Ganjil seperti puncak gereja
yang menunjuk ke arah mega
Penglihatan ini makin samar
Makin samar.
**
Sebuah sajak kenang kenangan dari sebuah lembaran buku lama peninggalan seseorang di rumah. Sajak yang selalu tak pernah bosan aku bolak balik di lembar yang sudah menguning termakan usia itu.
Sajak adalah hasil ijtihad (perjuangan pemikiran) yang mencoba berusaha jujur. Jujur dengan apa saja: dengan keadaan sosial, dengan hati, dengan nurani, dengan cinta, dengan kalbu, dengan kegelisahan, dengan keberanian, dengan kecurangan, dengan segala macam selambu yang sengaja atau tak sengaja dipasang oleh alam manusia.
Sajak adalah media terbuka sekaligus terselubung untuk menyiasati ke-denotatifan akal; atau malah men-denotatifkan ke-konotatifan akal. Sajak tak pernah sekalipun berupaya jahat menipumu, mengakalimu dengan memanggil "Hujan" sebagai nama lain "Wahyu", memetaforakan "Matahari" sebagai wujud lain "Pengetahuan". Sajak adalah sajak. Ia berdiri atas usahanya membuat seseorang berpikir. Membuat seseorang tidak kaku, tidak monoton, tidak keukeuh. Menjadi guru yang setia tak pernah mengeluh serta tak menuliskan rapor pada anak didiknya. Sajak adalah pembebasan bertanggung jawab akal dalam menghikmahi setiap deretan kata.

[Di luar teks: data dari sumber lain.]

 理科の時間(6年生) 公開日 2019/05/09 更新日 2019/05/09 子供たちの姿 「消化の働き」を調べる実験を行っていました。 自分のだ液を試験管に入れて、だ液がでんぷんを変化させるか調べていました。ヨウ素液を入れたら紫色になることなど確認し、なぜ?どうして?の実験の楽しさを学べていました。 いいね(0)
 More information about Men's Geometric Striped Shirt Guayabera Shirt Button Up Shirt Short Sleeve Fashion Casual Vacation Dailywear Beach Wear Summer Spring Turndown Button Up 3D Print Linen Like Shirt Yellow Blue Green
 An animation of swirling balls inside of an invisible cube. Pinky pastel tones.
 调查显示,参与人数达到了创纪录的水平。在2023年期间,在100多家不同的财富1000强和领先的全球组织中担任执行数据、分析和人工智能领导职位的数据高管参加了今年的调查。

Lalu bagaimana menyoal Sajak yang ngobral gombalan?
Dusta jahanam, kah? Hehehe ...
Soal rayu merayu, gombal menggombal, siapa saja boleh melakukan. Namun sebelum memvonis, lihatlah dahulu dengan hati yang jernih apa definisinya, apa hakikatnya. Apa makna di balik hijabnya. Kamu andai beli produk susu bubuk kan mesti melihat dulu: berapa kalorinya, berapa lemaknya, berapa proteinnya, cocok nggak untuk peminumnya; bukannya langsung main comot, masukkan ke keranjang, bayar jebret tunai di kasir, lalu mengantonginya pulang.
Ya, kecuali kalau Kamu termasuk golongan kaum yang termakan gombalan si iklan susu bubuk, yang sekali minum bisa instant membuatmu berbadan kotak kotak kayak papan catur atau langsing mirip biola Spanyol.

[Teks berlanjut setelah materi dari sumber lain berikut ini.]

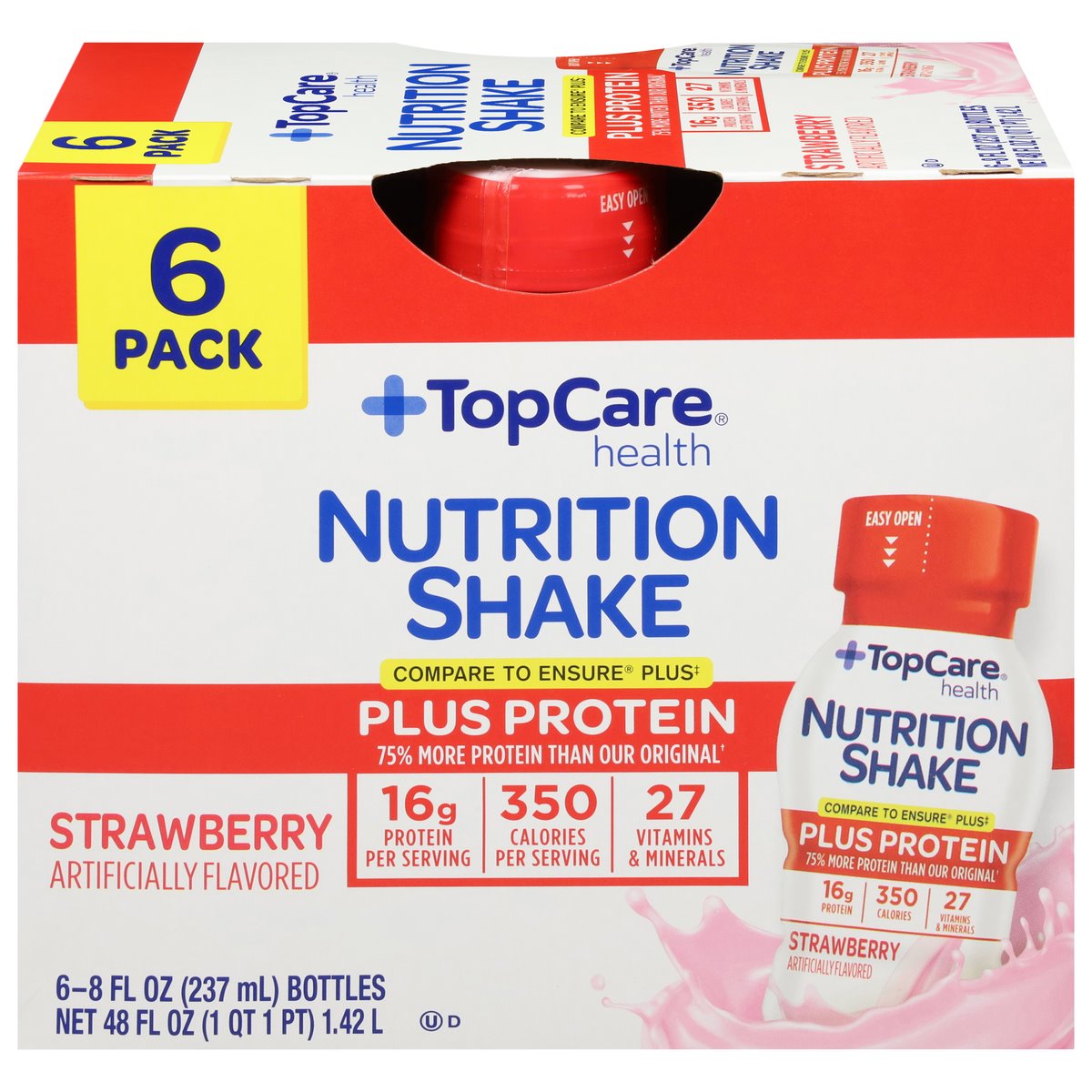 Health Nutrition Shake, Strawberry, Plus Protein, 6 Pack. Artificially flavored. 16 g protein per serving. 350 calories per serving. 40% Daily Value of vitamin D per serving. Gluten free. 75% more protein than our original (Our Plus Protein Nutritional Shakes contain 16 g of protein per 8 fl oz. Our Original Nutritional Shakes contain 9 g of protein per 8 fl oz). 27 vitamins & minerals. Excellent source of calcium and vitamin D. Compare to Ensure Plus (Ensure Plus is a registered trademark of Abbott Laboratories. TopCare Plus Protein Shake is not made by or affiliated with Abbott Laboratories). Every bottle of ready to drink TopCare Plus Protein Nutritional Shake has more protein than our Original (Our Plus Protein Nutritional Shakes contain 16 g of protein per 8 fl oz. Our Original Nutritional Shakes contain 9 g of protein per 8 fl oz) - with 16 grams of protein, 27 essential vitamins & minerals and 350 calories to supplement your diet and help you gain or maintain weight. Quality Guaranteed: This TopCare product is laboratory tested to guarantee its highest quality. Your total satisfaction is guaranteed. www.topcarebrand.com. Scan for more food information or call 1-888-423-0139. Questions? 1-888-423-0139. topcare(at)topco.com. www.topcarebrand.com. Assembled in USA.

Liatkanlah yang kaku denotatif dengan gairah lentur konotatif.
Mahfumilah yang terlihat konotatif dengan kesederhanaan denotatif.
Jangan sampai seperti kata Pak Subagyo tadi:
makin samar : / mana asal, mana kejadian / mana jumlah, mana kadar //
makin samar : / mana mulia, mana hina / mana kemajuan, mana kemunduran //
Tapi aku yakin sekali, Kamu tentu bukan yang seperti kata kata dalam Sajak itu, kan?